Enterprise software vendors are transitioning their software to cloud. Some are doing a good job but others are struggling. A recent article was explaining how companies from silicon valley are struggling with cloud revenue as they are progressing through their transformational journey. And that was not going very well.
Aside from the technical and architectural challenges, I would like to focus on another aspect of this transformation which is very underestimated by software companies: the role of the product manager (PM). And here is the issue immediately: your product managers are not managing a product anymore but a service. And this is the begin of a mind set that has to change. Without a proper product management, your journey is at risk!
In my previous articles, i have explained how crucial the role of a product manager is in the software world and how he/she is the “spider in the web”. If everything around changes, but the product manager doesn’t or is against or just does not get it, your transformation journey is in trouble. Below some key points that need to change.

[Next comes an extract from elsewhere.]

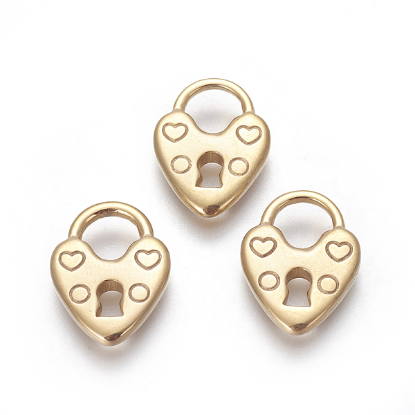 PandaHall Vacuum Plating 304 Stainless Steel Pendants, Heart Padlock, Golden, 18.5x14x2.8mm, Hole: 6.5x6.5mm 304 Stainless Steel Lock Price: $11.75 | PandaHall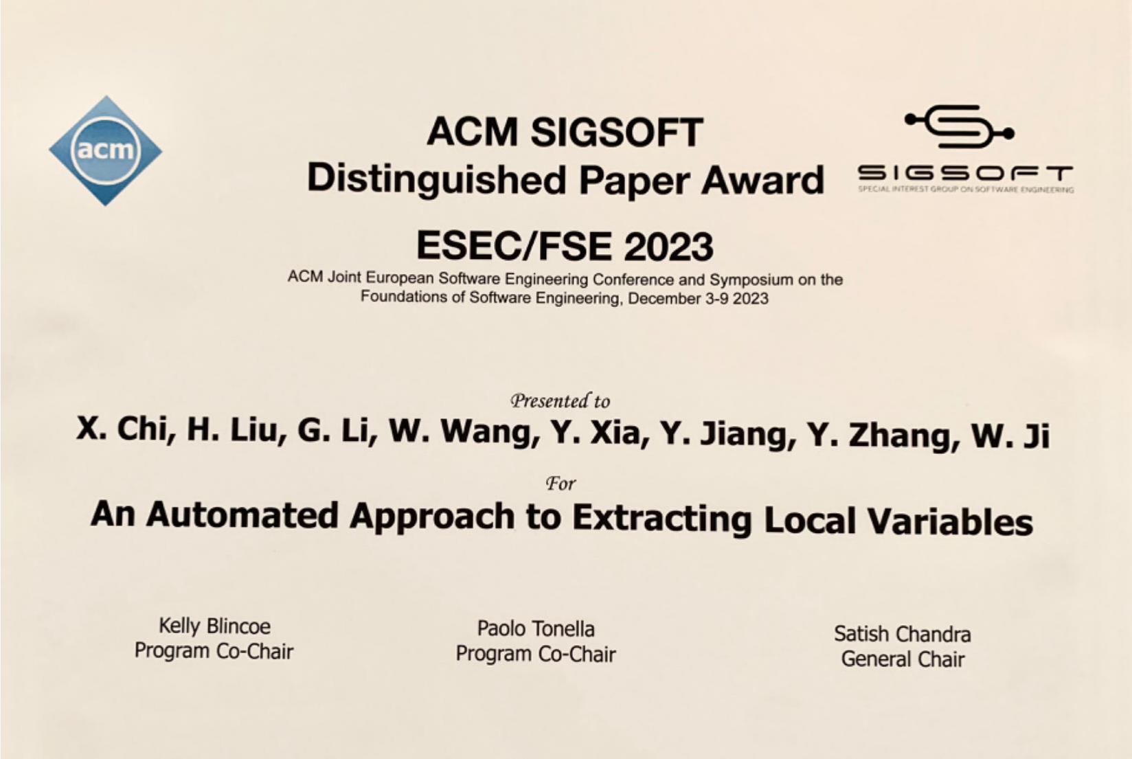 2023年12月3日至9日,第31届ACM软件工程基础国际会议 (简称ESEC/FSE) 在美国加利福尼亚召开。北理工计算机学院智能软件与软件工程研究所刘辉、张宇霞课题组的论文“An Automated Approach to Extracting Local Variables”获本届会议的杰出论文奖。ESEC/FSE和ICSE是软件工程领域最有影响力历史最悠久的旗舰学术会议。刘辉课题组2022年获得CCF A类会ICSE 2022杰出论文奖,本年度再次获得CCF A类国际会议的杰出论文奖。

1.Understand the new development process and adjust
The new agile development process demands more active involvement of a PM, weekly / monthly, it goes from the definition of the sprint together with the development team and assisting business analysts with questions and attending the demo and deciding whether the code can be deployed to production or not. The legacy PM comes from an environment where a big specification would be given to the development team and then for a year just waits something coming out the door and then the PM could prepare the launch of a new version. Most of the PMs do not adjust to these new methodologies and the development teams take over the scoping of the product, etc. Leftover for the less relevant PM is the launch.

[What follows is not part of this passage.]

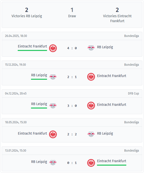 Ο απολογισμός των τελευταίων πέντε συναντήσεων είναι ισορροπημένος, με δύο νίκες για τη Λειψία, δύο για τη Φρανκφούρτη και μία ισοπαλία. Το εύρος των αποτελεσμάτων υποδηλώνει έντονες διακυμάνσεις στην καθημερινή φόρμα και διαφορετικές τακτικές προσεγγίσεις. Η πιο πρόσφατη αναμέτρηση τον Απρίλιο του 2025 έληξε με μια σαφή εκτός έδρας νίκη 4-0 για τη Φρανκφούρτη, ενώ προηγουμένως η Λειψία είχε κερδίσει δύο φορές τον Δεκέμβριο του 2024, με 3-0 στο Κύπελλο DFB και 2-1 στη Μπουντεσλίγκα. Σε αυτά προστίθενται ένα 2-2 τον Μάιο του 2024 και μια νίκη 1-0 για τη Φρανκφούρτη στις αρχές του 2024.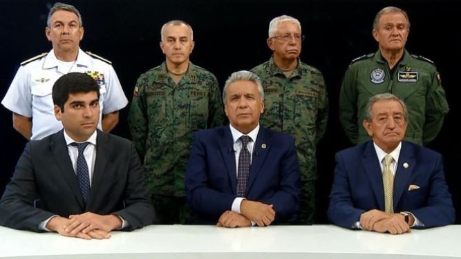 También acompañado de varios jefes militares, el mandatario culpó a Rafael Correa (2007-2017) de estar detrás de los supuestos intentos de desestabilizar a su Gobierno, y le acusó de estar detrás de lo que denominó «intento de golpe de Estado».

2.Changes in the terminology and concepts
Whether you are technical or not, you need to start to understand and care about concepts like uptime, multi-tenant, single code base, zero-down time, security, scaling, regions, etc. You provide now a service not a product anymore and therefore all the new concepts are fundamental to the success of your service. Many legacy PMs tend to ignore these concepts. The issue is that the development team is truly busy meeting the architectural demands for these concepts and the capacity is taken at least for 50% during the transformational journey. You need to realize that you are getting less functionality.
3.Changes in the pricing
Easy one: it’s now a subscription … but stop…The biggest secret in the cloud software industry that nobody talks about is cost models: a PM now needs to understand how much it costs to run a service. And when you find out that yours is very expensive, you will be paying more attention to understand the terminology I was discussing in the previous point. Price your service against the costs or you can be burning money big time.
4.Changes in the engagement
You provide now a service, so you need to change your support model, the response times, the quality, etc. As you run the service for the customer, any disruption needs to be communicated clearly and transparently to your customers who depend now on the availability of the services. Prepare your support team, train, etc. Many PMs fail here to change their mindsets around this subject.

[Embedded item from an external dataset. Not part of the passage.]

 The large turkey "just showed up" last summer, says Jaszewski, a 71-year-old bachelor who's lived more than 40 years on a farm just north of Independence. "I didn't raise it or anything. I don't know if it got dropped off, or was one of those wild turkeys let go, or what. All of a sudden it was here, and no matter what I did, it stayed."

5.Changes in the life cycle of features
Your service needs to keep running while you are introducing a new feature or change some the underlying technologies to provide better scalability, etc. Essentially you are managing a plane in flight and you are changing seats configurations while the development team is changing to a new engine. Because of this, many cloud providers are actually becoming a legacy cloud providers because they are locked and cannot change anything anymore. The “spaghetti code” is now in the cloud. While feature switches are important for turning on/off functionalities, your service needs also to be able to adopt new technologies.
Don’t be the legacy product manager, embrace change. If you won’t do, well others will do for you. And you are not the owner of the product / service anymore. “Spider has left the web!”